Because your models are only as good as your training data, expert data scientists and practitioners spend an enormous time understanding the data and generating valuable insights prior to building the models. If we view our ML models as an analogy to cooking a meal, the importance of high-quality data for an advanced ML system is similar to the relationship between high-quality ingredients and a successful meal. Therefore, before rushing into building the models, make sure you’re spending enough time getting high-quality data and extracting relevant insights.

The tools and technologies to assist with data preprocessing have been growing over the years. Now we have low-code and no-code tools like Amazon SageMaker Data Wrangler, AWS Glue DataBrew, and Amazon SageMaker Canvas to assist with data feature engineering.

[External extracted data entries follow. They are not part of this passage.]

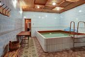 В этой сауне бассейн 4x4 с подогревом и фильтрацией, джакузи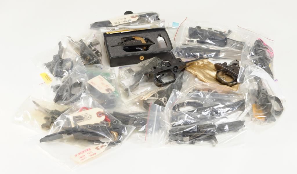 Bonanza lot of 20 trigger sets for a variety of shotguns, including Winchester Model 12s, Remington 1100s, Remington 870s, Winchester Super Xs, etc. Est.: $500-$1,000.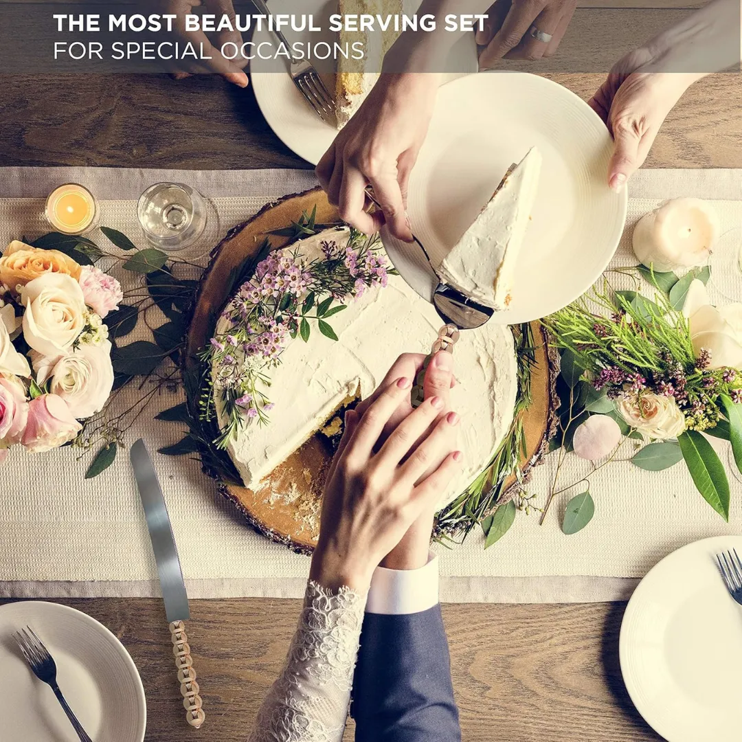 Ensemble de couteaux à gâteaux avec pelle dorée, idéal pour les mariages et les célébrations de Noël.
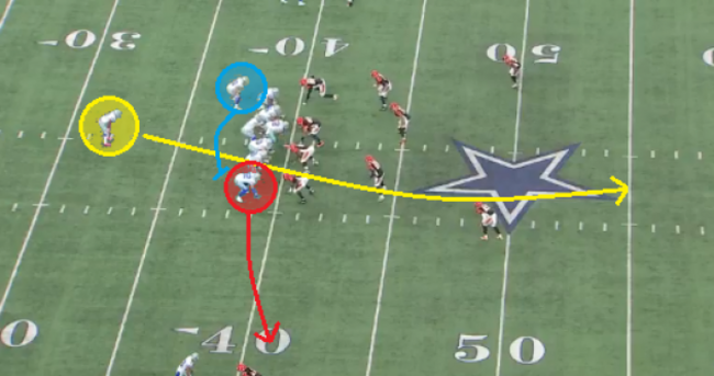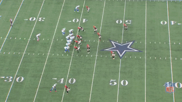 Before the snap, Swaim makes his way from the right of the Dallas offensive line to the left, causing a shift in the defence that shows quarterback Dak Prescott that they are playing zone defence.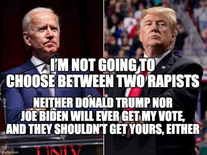 For me, this is simple math. If Trump wins, we get another chance at this in 4 years. We elect Biden, his VP is the next nominee, meaning 8-12 years of guaranteed neoliberal or right-wing fascism. The ecosystem can't take that. So no, I'm not voting for Biden.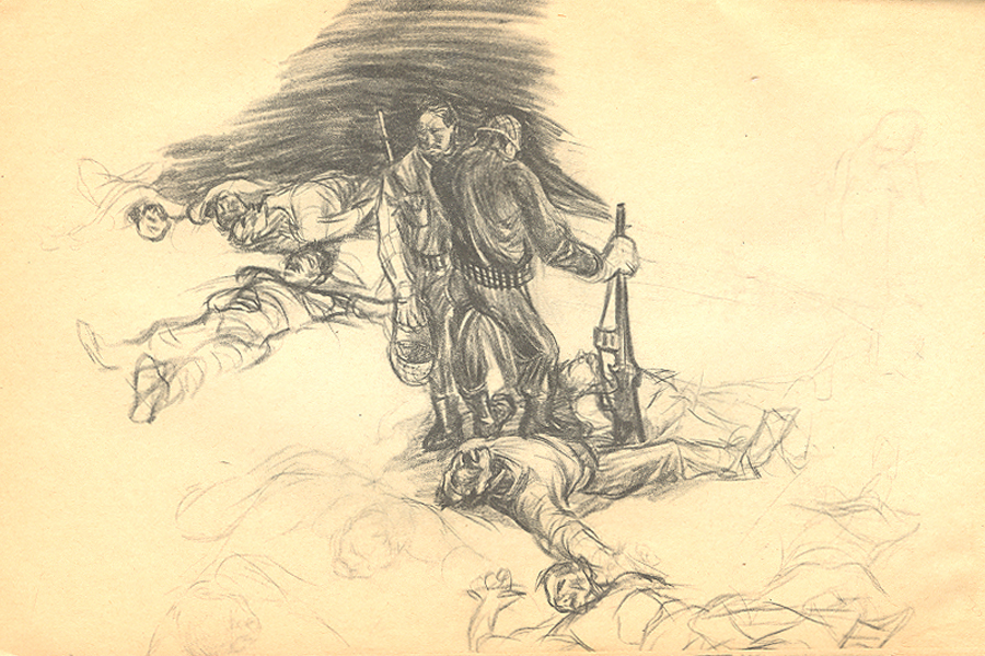 ج: من در این سالها کار میکردم ولی چون مسائل سیاسی-اجتماعیِ کشور مصادف شده بود با اتفاقهای جدیدی در زندگی شخصیام مثلِ ازدواج و بچهداری، کار کردن من هم کمتر شده بود ولی این روند هیچوقت قطع نشد. در همان سالها کتاب «افسانههای کُردی» علیاشرف درویشیان را تصویرگری کردم. داستانهای این کتاب، بعدها بسیار در زندگی من تأثیر گذاشت. همچنین یکسری کار در مورد جنگ انجام دادم که همه طراحی بود. در همین سالها اگر طبیعت بیجان یا پرترهای هم کار کردم خیلی به فضای همان دوره نزدیک بود.
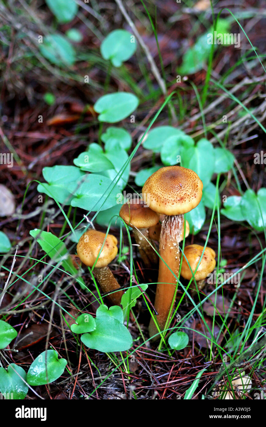 Wild mushrooms fungi or toadstools growing in a forest in southern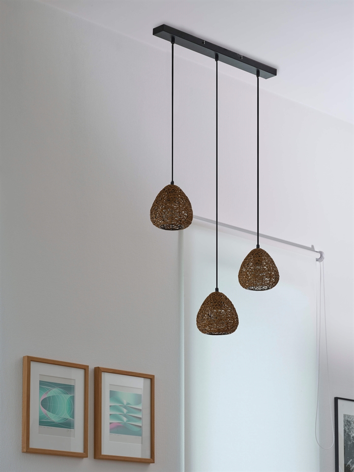De clusterlamp Decor Paper Drop Linear voegt een lichte en sfeervolle elegantie toe aan de ruimte met zijn natuurlijke materialen en zachte vormen. De drie lampenkappen hangen mooi op een rij en zijn gemaakt van dun papier in een warme beige tint, die het licht op een aangename manier filtert en een uitnodigende sfeer in de ruimte creëert.
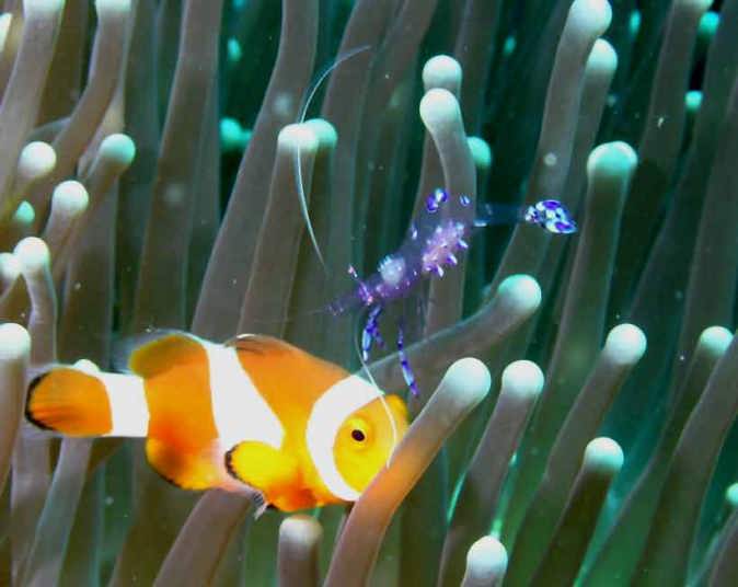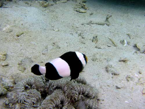 大物はだめだったが、ピグミー・シーホースや真ん中の白い部分が横縞で普通と違うトウアカクマノミ、カクレエビ等のマクロ系はいろいろ見ることが出来た。 |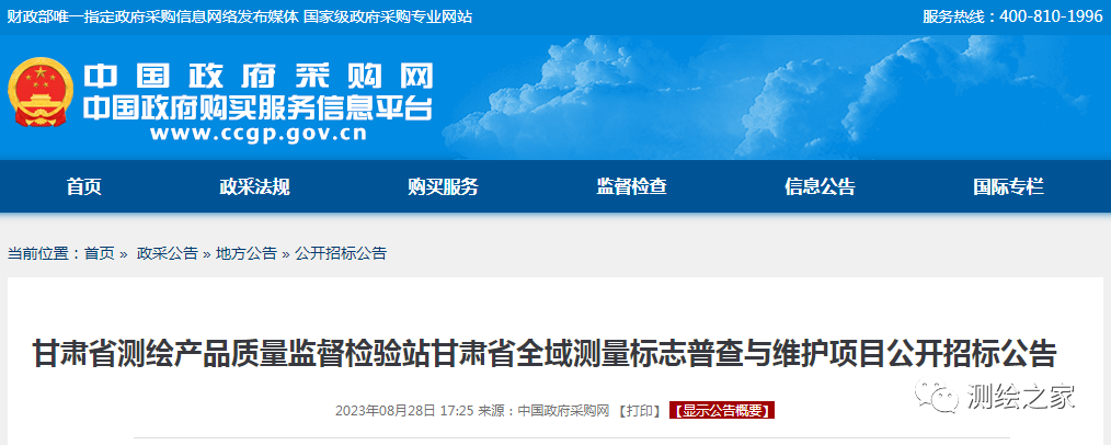 【招标】200万元!甘肃省全域测量标志普查与维护项目公开招标公告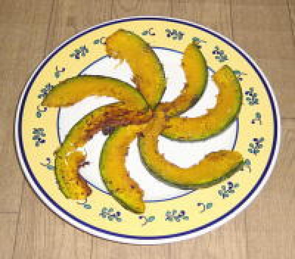 ![]() 塩とガーリックパウダーで味を調えたら、カボチャのガーリックグリルの完成です。

However, a lot of these processes are still currently done manually by a data engineer or analyst who analyzes the data using these tools. If their the knowledge of the tools is limited, the insights generated prior to building the models won’t do justice to all the steps that can be performed. Additionally, we won’t be able to make an informed decision post-analysis of those insights prior to building the ML models. For instance, the models can turn out to be biased due to lack of detailed insights that you received using AWS Glue or Canvas, and you end up spending a lot of time and resources building the model training pipeline, to eventually receive an unsatisfactory prediction.

In this post, we introduce a novel intelligent framework for data and model operationalization that provides automated data transformations and optimal model deployment. This solution can accelerate accurate and timely inspection of data and model quality checks, and facilitate the productivity of distinguished data and ML teams across your organization.

Overview of solution

Our solution demonstrates an automated end-to-end approach to perform exploratory data analysis (EDA) with a human in the loop to determine the model quality thresholds and approve the optimal and qualified data to be pushed into Amazon SageMaker Pipelines in order to push the final data into Amazon SageMaker Feature Store, thereby speeding up the executional framework.

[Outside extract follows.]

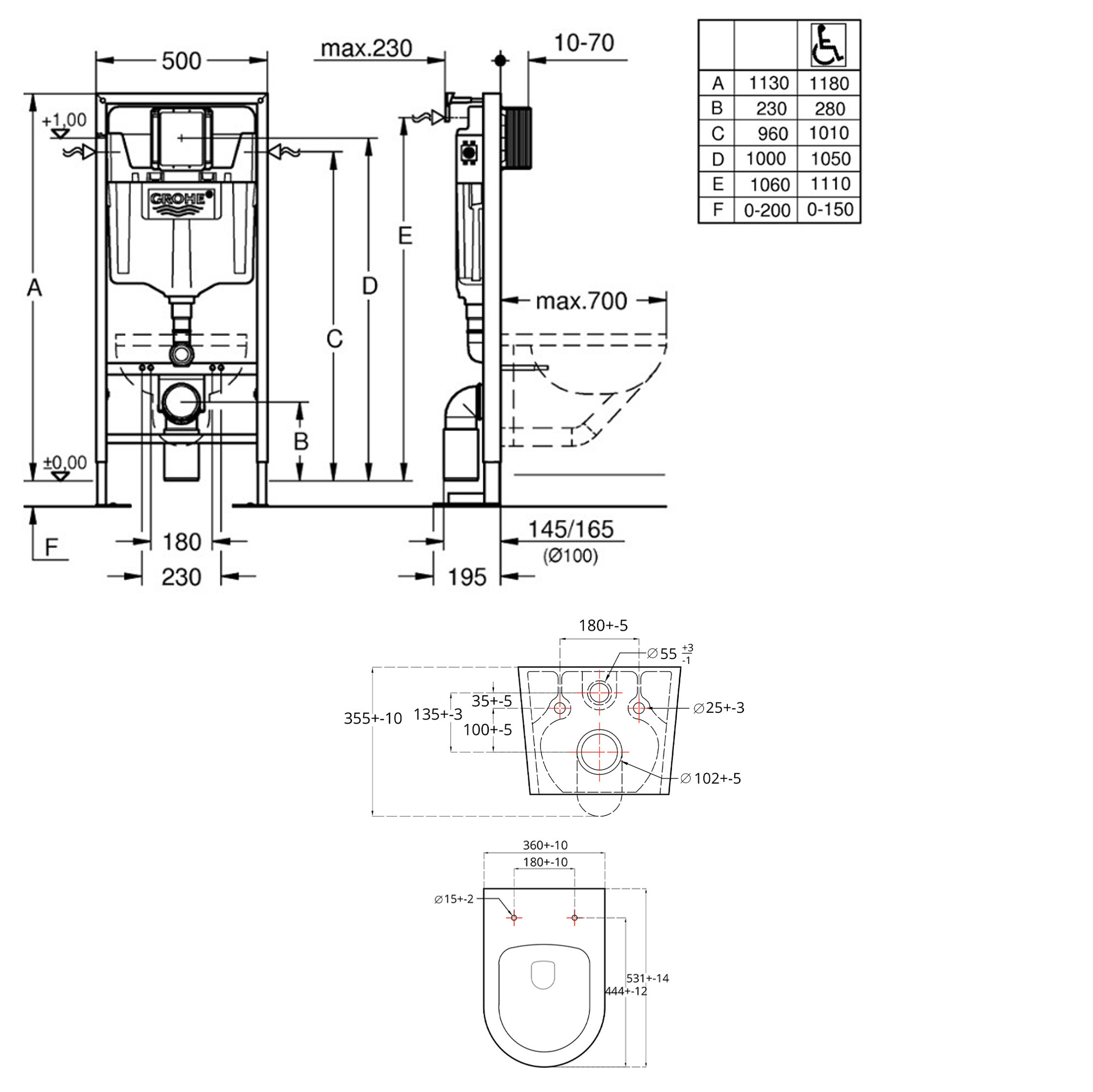 - Grohe SOLIDO Bâti-support autoportant pour WC, 1,13 M (39981000)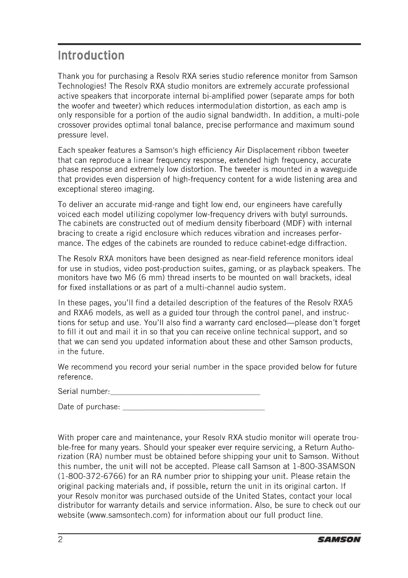 Resolv RXA Studio MonitorsThank you for purchasing a Resolv RXA series studio reference monitor from Samson Technologies! The Resolv RXA studio monitors are extremely accurate professional active speakers that incorporate internal bi-amplified power (separate amps for both the woofer and tweeter) which reduces intermodulation distortion, as each amp is only responsible for a portion of the audio signal bandwidth. In addition, a multi-pole crossover provides optimal tonal balance, precise performance and maximum sound pressure level. Each speaker features a Samson's high efficiency Air Displacement ribbon tweeter that can reproduce a linear frequency response, extended high frequency, accurate phase response and extremely low distortion. The tweeter is mounted in a waveguide that provides even dispersion of high-frequency content for a wide listening area and exceptional stereo imaging. To deliver an accurate mid-range and tight low end, our engineers have carefully voiced each model utilizing copolymer low-frequency drivers with butyl surrounds. The cabinets are constructed out of medium density fiberboard (MDF) with internal bracing to create a rigid enclosure which reduces vibration and increases perfor- mance. The edges of the cabinets are rounded to reduce cabinet-edge diffraction. The Resolv RXA monitors have been designed as near-field reference monitors ideal for use in studios, video post-production suites, gaming, or as playback speakers. The monitors have two M6 (6 mm) thread inserts to be mounted on wall brackets, ideal for fixed installations or as part of a multi-channel audio system. In these pages, you’ll find a detailed description of the features of the Resolv RXA5 and RXA6 models, as well as a guided tour through the control panel, and instruc- tions for setup and use. You’ll also find a warranty card enclosed—please don’t forget to fill it out and mail it in so that you can receive online technical support, and so that we can send you updated information about these and other Samson products, in the future. We recommend you record your serial number in the space provided below for future reference. Serial number:_____________________________________ Date of purchase: ___________________________________ With proper care and maintenance, your Resolv RXA studio monitor will operate trou- ble-free for many years. Should your speaker ever require servicing, a Return Autho- rization (RA) number must be obtained before shipping your unit to Samson. Without this number, the unit will not be accepted. Please call Samson at 1-800-3SAMSON (1-800-372-6766) for an RA number prior to shipping your unit. Please retain the original packing materials and, if possible, return the unit in its original carton. If your Resolv monitor was purchased outside of the United States, contact your local distributor for warranty details and service information. Also, be sure to check out our website (www.samsontech.com) for information about our full product line. Introduction 2ENGLISH

Furthermore, the approach includes deploying the best candidate model and creating the model endpoint on the transformed dataset that was automatically processed as new data arrives in the framework.

The following diagram illustrates the initial setup for the data preprocessing step prior to automating the workflow.

This step comprises the data flow initiation to process the raw data stored in an Amazon Simple Storage Service (Amazon S3) bucket. A sequence of steps in the Data Wrangler UI are created to perform feature engineering on the data (also referred to as a recipe). The data flow recipe consists of preprocessing steps along with a bias report, multicollinearity report, and model quality analysis.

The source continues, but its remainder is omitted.